The process of writing How to steal like an architect last year, a series of 10 articles based on Austin Kleon’s How to steal like an artist, made me consider other lessons learned over the years. What further lessons would I teach my younger self, given the opportunity?
20. Good design knows no boundaries
An article in The Age earlier this year gave insight into the principles of Aesop owner, Dennis Paphitis. His creative vision for the excellent Aesop brand is so dogmatic it extends to all aspects of its operation: the product, the packaging, the inspirational quotes on the office and outlet walls, even the colours in the marketing department’s reports.
At first glance, this has the ring of the obsessive compulsive about it. But upon closer inspection, it reveals a powerful commitment to design. It reveals the attitude that good design starts with the biggest gestures and finishes with the tiniest details. Good design happens most easily in an environment that encourages it.

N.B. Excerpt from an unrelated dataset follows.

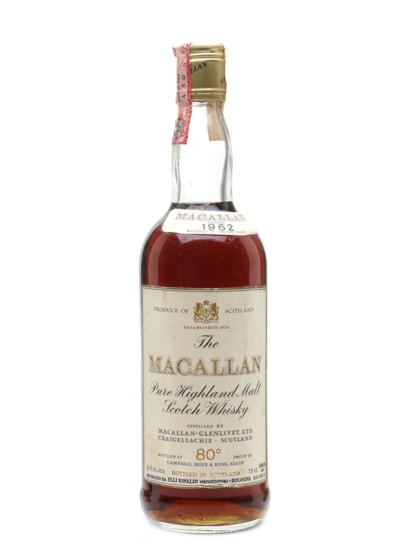 A bottle of The Macallan 1962, bottled by Campbell, Hope & King. This was bottled for the Italian market and imported by Rinaldi, we estimate in the late 1970s.

This is all the more important for the architect. Unlike the painter who works directly with his canvas, and the musician who works directly with his instrument, the architect works only indirectly with his materials. Concrete, timber, glass and steel are the domain of the builder: paper and pens are the domain of the architect. So why not make your drawings works of art? Frank Lloyd Wright did. Walter Burley Griffin and Marion Mahony did.
Good design starts at the centre of your architectural world: your studio. From there, it extends to all things. There is nothing that can’t be designed well.

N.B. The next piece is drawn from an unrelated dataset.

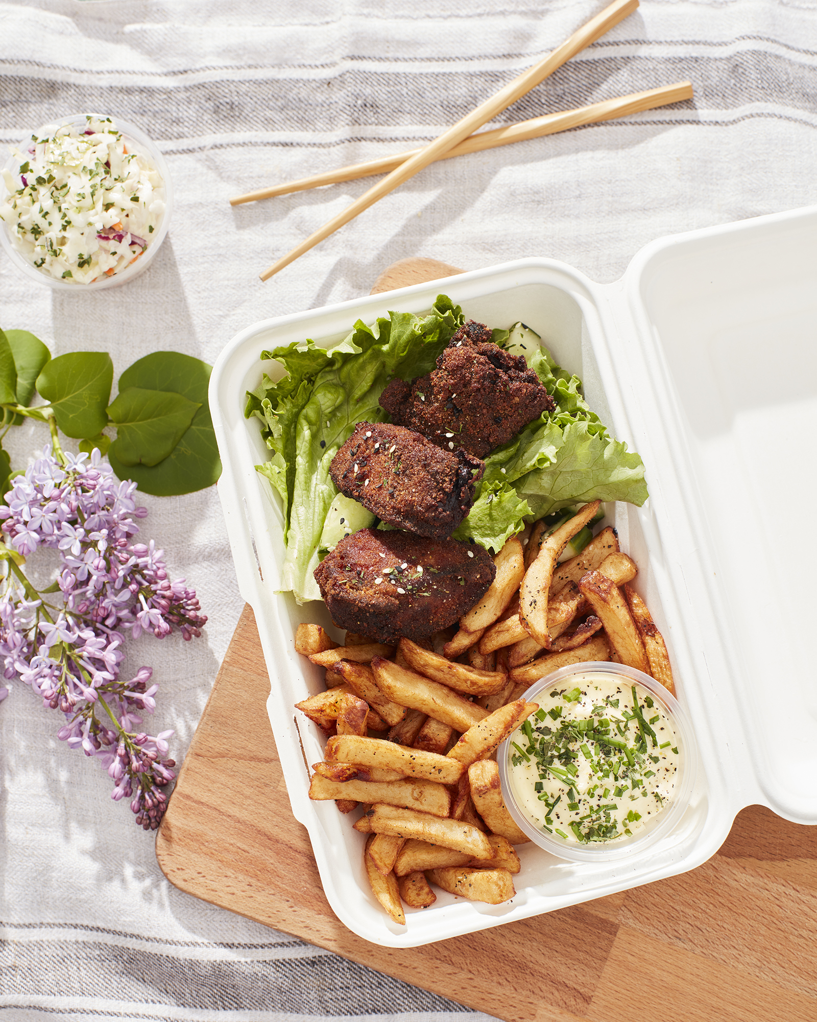 Dans le cadre de La Virée Enracinée, Le p’tit Patelin a créé la Salade riche en couleurs composée de verdures, légumes et petits fruits frais, tofu pané et vinaigrette à l’argousier. L’expérience ne s’arrête pas là! Vous pourrez aussi vous procurer leur dessert vedette de l’été, un lassi au granola chaud à base de yogourt, de miel, de petits fruits et de chocolat, l’ensemble rehaussé de noix, céréales et épices. À emporter seulement, ce menu est une occasion idéale pour les visiteurs de se munir d’un pique-nique gourmand à apprécier sur la jolie plage de Cap-Santé.

A house can be designed well, as can a car. A light fitting can be designed well, as can a chair. A computer can be designed well, as can an oil and vinegar jug. There is no part of the human experience that is unworthy of good design. Even the most utilitarian of devices, the most mundane of tools can benefit from it. The design need not be expensive, nor complex, nor fancy. In fact, for the majority of the objects we use these qualities are the opposite of what we really need.
I shake my head when I see toilet paper perfumed and coloured and quilted and printed. Why does toilet paper, surely the most quotidian of all artefacts, attract such rubbish? What it really needs is good design, simple and honest.
Take a leaf from the book of Charles Rennie MacKintosh, the Scottish architect who pioneered the design of furniture and lighting in his buildings. The preparedness to consider every element of a project as an opportunity for good design will not only extend the vision of your architecture into its contents, but will improve the architecture itself.
Good design knows no boundaries.
Fin.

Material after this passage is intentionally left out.